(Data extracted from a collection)
*** Begin section ***
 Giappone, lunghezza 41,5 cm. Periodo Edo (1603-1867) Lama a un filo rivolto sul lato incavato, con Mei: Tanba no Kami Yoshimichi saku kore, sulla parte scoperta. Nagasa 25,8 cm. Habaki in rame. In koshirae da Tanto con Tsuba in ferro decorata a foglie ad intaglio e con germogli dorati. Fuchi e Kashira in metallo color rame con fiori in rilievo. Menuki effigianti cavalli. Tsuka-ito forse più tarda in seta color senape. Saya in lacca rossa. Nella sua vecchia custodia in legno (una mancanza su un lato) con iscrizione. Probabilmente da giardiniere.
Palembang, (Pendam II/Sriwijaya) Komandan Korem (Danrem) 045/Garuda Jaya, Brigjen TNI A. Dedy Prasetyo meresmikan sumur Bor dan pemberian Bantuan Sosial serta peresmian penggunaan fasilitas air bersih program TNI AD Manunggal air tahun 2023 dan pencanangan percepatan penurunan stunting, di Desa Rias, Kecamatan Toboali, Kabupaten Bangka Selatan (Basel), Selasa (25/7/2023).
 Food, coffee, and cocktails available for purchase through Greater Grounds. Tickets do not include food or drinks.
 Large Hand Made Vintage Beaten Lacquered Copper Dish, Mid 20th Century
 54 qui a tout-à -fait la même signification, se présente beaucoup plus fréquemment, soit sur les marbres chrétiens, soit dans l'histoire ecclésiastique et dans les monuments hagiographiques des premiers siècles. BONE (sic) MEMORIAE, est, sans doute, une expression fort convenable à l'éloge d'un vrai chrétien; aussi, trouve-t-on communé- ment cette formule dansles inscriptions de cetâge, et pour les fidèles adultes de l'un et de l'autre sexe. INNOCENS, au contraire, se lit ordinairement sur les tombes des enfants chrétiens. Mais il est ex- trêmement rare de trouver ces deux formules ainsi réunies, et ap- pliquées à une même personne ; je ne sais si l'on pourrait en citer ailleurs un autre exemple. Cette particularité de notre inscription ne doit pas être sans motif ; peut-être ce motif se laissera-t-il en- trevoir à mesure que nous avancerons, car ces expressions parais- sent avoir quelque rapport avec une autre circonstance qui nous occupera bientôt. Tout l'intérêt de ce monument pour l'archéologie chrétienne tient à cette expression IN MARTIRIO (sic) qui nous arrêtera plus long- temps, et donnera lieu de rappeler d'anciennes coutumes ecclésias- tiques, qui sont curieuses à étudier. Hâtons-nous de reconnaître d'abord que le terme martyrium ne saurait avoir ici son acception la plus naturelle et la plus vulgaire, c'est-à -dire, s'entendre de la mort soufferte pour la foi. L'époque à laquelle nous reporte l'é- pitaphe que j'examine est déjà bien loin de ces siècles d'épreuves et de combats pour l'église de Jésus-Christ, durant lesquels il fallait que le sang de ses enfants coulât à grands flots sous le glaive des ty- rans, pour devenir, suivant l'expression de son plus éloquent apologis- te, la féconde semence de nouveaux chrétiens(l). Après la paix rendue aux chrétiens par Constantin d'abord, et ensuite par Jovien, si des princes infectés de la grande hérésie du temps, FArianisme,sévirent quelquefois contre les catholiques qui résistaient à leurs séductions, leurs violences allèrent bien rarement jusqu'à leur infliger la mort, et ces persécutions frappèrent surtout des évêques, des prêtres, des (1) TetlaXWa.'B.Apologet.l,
*** End section ***
EXERCISE OBJECTIVE. A reply that repeats all the data exactly is required.

RESULT FOR THIS TASK.
 Giappone, lunghezza 41,5 cm. Periodo Edo (1603-1867) Lama a un filo rivolto sul lato incavato, con Mei: Tanba no Kami Yoshimichi saku kore, sulla parte scoperta. Nagasa 25,8 cm. Habaki in rame. In koshirae da Tanto con Tsuba in ferro decorata a foglie ad intaglio e con germogli dorati. Fuchi e Kashira in metallo color rame con fiori in rilievo. Menuki effigianti cavalli. Tsuka-ito forse più tarda in seta color senape. Saya in lacca rossa. Nella sua vecchia custodia in legno (una mancanza su un lato) con iscrizione. Probabilmente da giardiniere.
Palembang, (Pendam II/Sriwijaya) Komandan Korem (Danrem) 045/Garuda Jaya, Brigjen TNI A. Dedy Prasetyo meresmikan sumur Bor dan pemberian Bantuan Sosial serta peresmian penggunaan fasilitas air bersih program TNI AD Manunggal air tahun 2023 dan pencanangan percepatan penurunan stunting, di Desa Rias, Kecamatan Toboali, Kabupaten Bangka Selatan (Basel), Selasa (25/7/2023).
 Food, coffee, and cocktails available for purchase through Greater Grounds. Tickets do not include food or drinks.
 Large Hand Made Vintage Beaten Lacquered Copper Dish, Mid 20th Century
 54 qui a tout-à -fait la même signification, se présente beaucoup plus fréquemment, soit sur les marbres chrétiens, soit dans l'histoire ecclésiastique et dans les monuments hagiographiques des premiers siècles. BONE (sic) MEMORIAE, est, sans doute, une expression fort convenable à l'éloge d'un vrai chrétien; aussi, trouve-t-on communé- ment cette formule dansles inscriptions de cetâge, et pour les fidèles adultes de l'un et de l'autre sexe. INNOCENS, au contraire, se lit ordinairement sur les tombes des enfants chrétiens. Mais il est ex- trêmement rare de trouver ces deux formules ainsi réunies, et ap- pliquées à une même personne ; je ne sais si l'on pourrait en citer ailleurs un autre exemple. Cette particularité de notre inscription ne doit pas être sans motif ; peut-être ce motif se laissera-t-il en- trevoir à mesure que nous avancerons, car ces expressions parais- sent avoir quelque rapport avec une autre circonstance qui nous occupera bientôt. Tout l'intérêt de ce monument pour l'archéologie chrétienne tient à cette expression IN MARTIRIO (sic) qui nous arrêtera plus long- temps, et donnera lieu de rappeler d'anciennes coutumes ecclésias- tiques, qui sont curieuses à étudier. Hâtons-nous de reconnaître d'abord que le terme martyrium ne saurait avoir ici son acception la plus naturelle et la plus vulgaire, c'est-à -dire, s'entendre de la mort soufferte pour la foi. L'époque à laquelle nous reporte l'é- pitaphe que j'examine est déjà bien loin de ces siècles d'épreuves et de combats pour l'église de Jésus-Christ, durant lesquels il fallait que le sang de ses enfants coulât à grands flots sous le glaive des ty- rans, pour devenir, suivant l'expression de son plus éloquent apologis- te, la féconde semence de nouveaux chrétiens(l). Après la paix rendue aux chrétiens par Constantin d'abord, et ensuite par Jovien, si des princes infectés de la grande hérésie du temps, FArianisme,sévirent quelquefois contre les catholiques qui résistaient à leurs séductions, leurs violences allèrent bien rarement jusqu'à leur infliger la mort, et ces persécutions frappèrent surtout des évêques, des prêtres, des (1) TetlaXWa.'B.Apologet.l,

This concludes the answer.